Die Autoren haben sich drei Ziele gestellt: Sie wollen erstens eine in verständlicher Sprache geschriebene Einführung in das philosophisch-theologische Denken Tillichs bieten, zweitens wollen sie sich auf das Wesentliche beschränken, drittens den neuesten Stand der Tillich-Forschung wiedergeben (vgl. Vorwort). Alle drei Ziele sind mit diesem Buch erreicht worden: Hier werden auf 230 Seiten die wesentlichsten Aspekte von Tillichs Ansatz und dessen Wirkung auf dem neuesten Stand der Forschung verständlich dargestellt. Dass dabei immer Lücken bleiben (vgl. die Bemerkung der Autoren im Vorwort) ist angesichts der Fülle der Sekundärliteratur zu Tillich und deren weltweiter Verbreitung nicht weiter verwunderlich.

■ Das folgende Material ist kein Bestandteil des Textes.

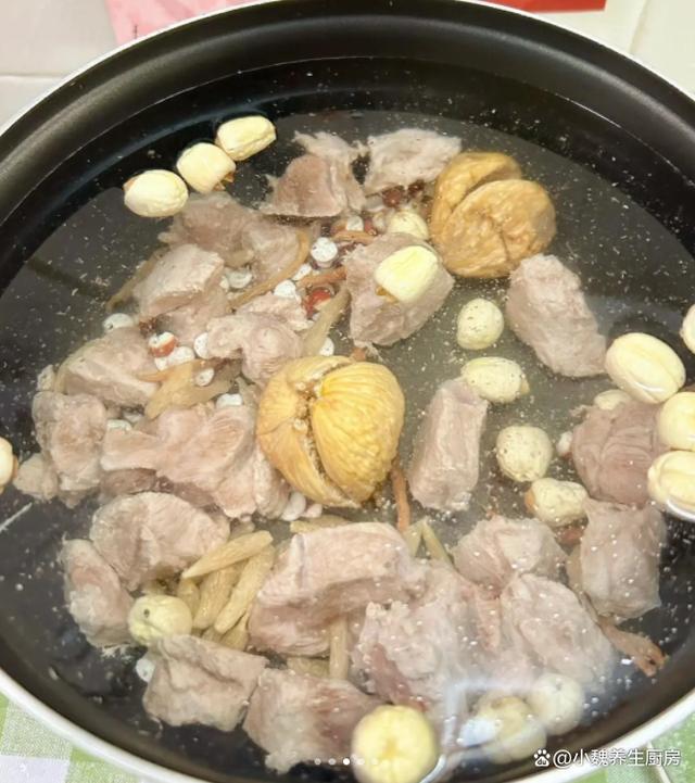 時間快速流逝,到了秋季以后,天氣變得越來越涼快,一陣秋分之后,天氣變得涼爽起來,外面泛黃的葉片都凋零,晝夜溫差越來越大,空氣濕度降低,讓人特別舒服,白天就會犯困,晚上會容易失眠。秋季是情緒波動的時候,由于白天時間縮短,人體的新陳代謝降低,情緒會非常不安,加上生活壓力非常大,很多年輕人晚上都會睡不著。面對睡眠質量差,廣東人研究出很多食療方,比藥補更加管用,搭配規律的作息,加強運動鍛煉,能夠維持身體平衡,增強免疫力,讓睡眠越來越好。今天推薦南方人愛喝的一款湯品——太子參麥冬芡實蓮子瘦肉湯,簡單易學,營養易消化,對睡眠質量有提升的作用,趕快學一學吧。“失眠喝一湯,晚上睡得香”,秋季多喝這湯,養心安神,增強免疫。  【太子參麥冬芡實蓮子瘦肉湯的制作步驟】 食材清單:選購兩個無花果(無花果是新鮮無花果曬干而成,更加容易儲存,泡發后可以用來煲湯),太子參12克左右,麥冬15克左右,芡實一小把,優質干蓮子30克左右,溫水少許,純凈水幾大碗,老姜12克左右,半根大蔥,新鮮精瘦肉350克(精瘦肉是純瘦肉,是沒有脂肪的豬肉,有條件可以用牛肉或羊肉替代,用來燉湯特別合適,湯品非常鮮美),一丟丟胡椒粉,食鹽若干,其他。 詳細制作過程:1:提前挑選好新鮮瘦肉,芡實,蓮子和太子參等食材,先把太子參和麥冬過一遍清水,洗凈控干水分,放在碗中備用。2:大蔥去皮切成小段,生姜洗凈去皮切片,芡實用冷水泡幾分鐘,干蓮子全部碗中,加上少許溫水,加上半勺食用堿,把蓮子提前泡幾個小時,泡軟后取出蓮子心,切記不能直接丟入鍋中燉湯。3:無花果用溫水泡發,把瘦肉徹底洗凈,去掉筋膜和一些肥肉,切成麻將大小的塊狀,不能切太小,容易縮小。

Alles in allem ist dieses Buch sehr empfehlenswert. Es fasst auf übersichtliche Weise die Kernpunkte von Tillichs Werk zusammen und eignet sich damit auch als Nachschlagewerk (hilfreich ist dabei auch die Bibliographie, 261–271). Auf Grund seines verständlichen Stils eignet es sich auch zur Lektüre für Laien, sofern sie über gewisse philosophische und theologische Grundkenntnisse verfügen. Für die Forschung besteht sein Wert darin, dass es für Orientierungszwecke über den neuesten Stand der Forschung verwendet werden kann und Anregungen für die Weiterarbeit liefert (insbesondere in Teil 3). Vor allem in Teil 2 finden sich auch eigene, profilierte Standpunkte, die sich zur wissenschaftlichen Auseinandersetzung anbieten.
Auch für die Lehre eignet sich dieses Buch sehr gut: Für Studierende, die anfangen, sich mit Tillich zu beschäftigen, kann es als Textgrundlage dienen, die einen guten Gesamtüberblick über Tillich verschafft. Für Studierende, die sich vertieft mit Tillich auseinandersetzen, kann es als Begleitmaterial fungieren, wobei auch hier manche Paragraphen aus Teil 2 und 3 als eigentliche Textgrundlage verwendet werden können. – Wünschenswert wären außerdem möglichst baldige Übersetzungen des Buches.